Italians are all born film actors [and] were quite hands-on about the whole thing.... Wyler would say, “Good, that's it, print it.” They might say, “No, no, no, let's have another one.” Or Wyler would say, “Let's do it again,” and they'd say, “No, no,
molto bene
!”—they wanted to print that one. And Wyler usually followed their advice.
50
The single most famous scene in
Roman Holiday
is the one in which Peck and Hepburn dare each other to stick a hand inside the mouth of an ancient Roman cave dragon: To get a spontaneous reaction, Peck resorted to an old vaudeville trick—drawing his hand up into his cuff so that it looked severed. Unforewarned, Audrey reacted perfectly, with a shriek. “It was the only scene Wyler ever did in one take,” she said.
51
Peck recalls “a girl who was good at everything except shedding tears—wacky and funny, a very lovable girl who was always making faces and doing backflips and clowning around. But when it came to a poignant scene, she couldn't find that within herself; she just couldn't find the right kind of emotion.”
52
He was referring to one of the most touching final scenes in which the princess must leave the journalist and return to royal imprisonment.
“I don't know how to say goodbye,” she says. “I can't think of any words.”

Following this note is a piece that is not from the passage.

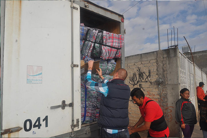Con el objetivo dar continuidad a los programas sociales y de apoyo que opera el Sistema para el Desarrollo Integral de la Familia (DIF) en Michoacán, que preside Catherine R. Ettinger, este domingo se hizo entrega de 2 mil cobijas para igual número de familias en 19 colonias marginadas del Norte de Morelia.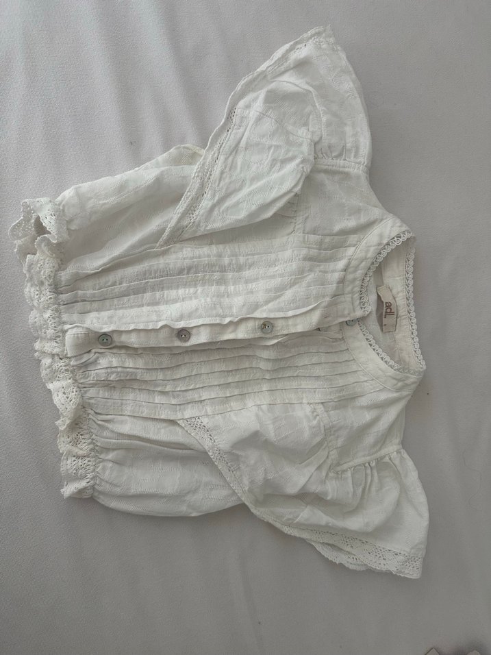 beyaz renkli, kısa fırfırlı kollu, bol kesim, kayık yaka ve işlemeli detaylara sahip bohem tarzda bluz.

“Don't try,” he replies, as the music swells.
It seemed straightforward, but “I had no idea how to come by those tears,” Audrey recalled. “The night was getting longer and longer, and Willy was waiting. Out of the blue, he came over and gave me hell. ‘We can't stay here all night. Can't you cry, for God's sake?' He'd never spoken to me like that, ever, during the picture. He'd been so nice and gentle. I broke into such sobs and he shot the scene and that was it. Afterwards he said, ‘I'm sorry, but I had to get you to do it somehow.'”
53
Years later, when a BBC interviewer asked how much she had learned from Wyler, Audrey replied, “I'd say almost everything. His attitude was that only simplicity and the truth count. It has to come from the inside. You can't fake it. That is something I long remembered.”

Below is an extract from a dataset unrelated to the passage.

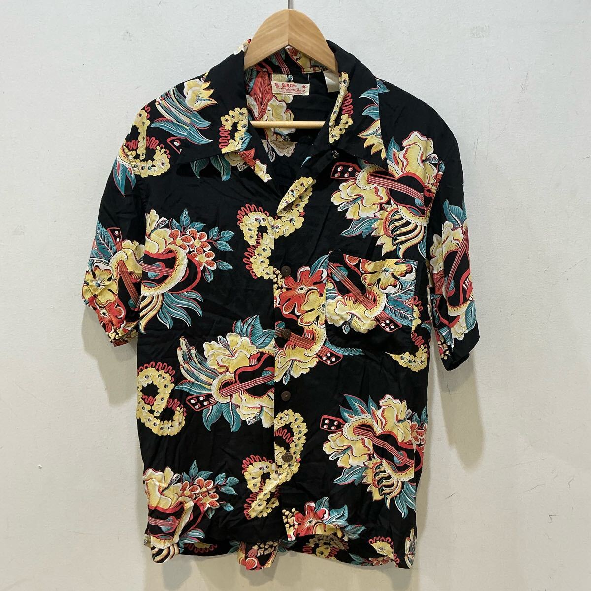> SUNSURF サンサーフ RAYON ALOHA SHIRT アロハシャツ レーヨン 総柄 半袖シャツ ブラック Mサイズ
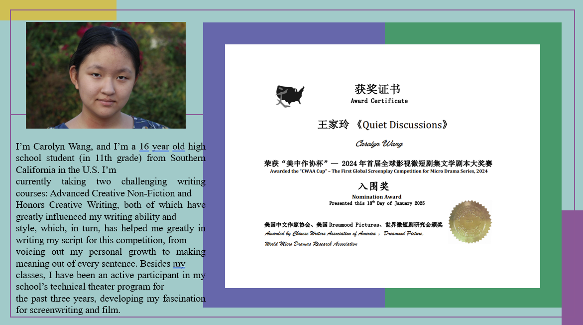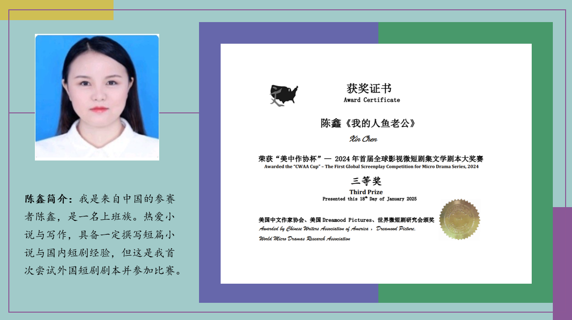 三等奖陈鑫:荣获此奖, 我感到十分意外跟惊喜,我深知,比起那些更有经验、更优秀的获奖者, 我仍需不断学习和进步。同时,我十分感谢大赛给予我这个机会,也希望“美中作协杯”微短剧大赛越办越好,希望大家在未来能取得更多成绩。

Then and thereafter, Audrey did not watch the rushes, but Wyler did: “She was every eager young girl who has ever come to Rome for the first time and I, crusty veteran that I was, felt tears in my eyes watching her. Audrey was the spirit of youth—and I knew that very soon the entire world would fall in love with her, as all of us on the picture did.”
54
Gregory Peck was first among them. “It was my good luck,” he said, “during that wonderful summer in Rome, to be the first of her screen fellows, to hold out my hand, and help her keep her balance as she did her spins and pirouettes. Those months [were] probably the happiest experience I ever had making movies.”
55
Peck, her screen lover, was friendly with James Hanson, her offscreen lover, who was present and accounted for on the
Roman Holiday
set. “I was able to spend time with her in the flat that the company found for her and her mother on the Via Boncompagni,” says Hanson. “They would do shots of Audrey, and Greg would be in a trailer waiting to do his stuff. He and I would go into the Caffé Greco on the Via Condotti and play gin rummy for hours. I enjoyed being there, encouraging her and watching her. We were going to be married as soon as Roman Holiday was finished. All the plans were made.”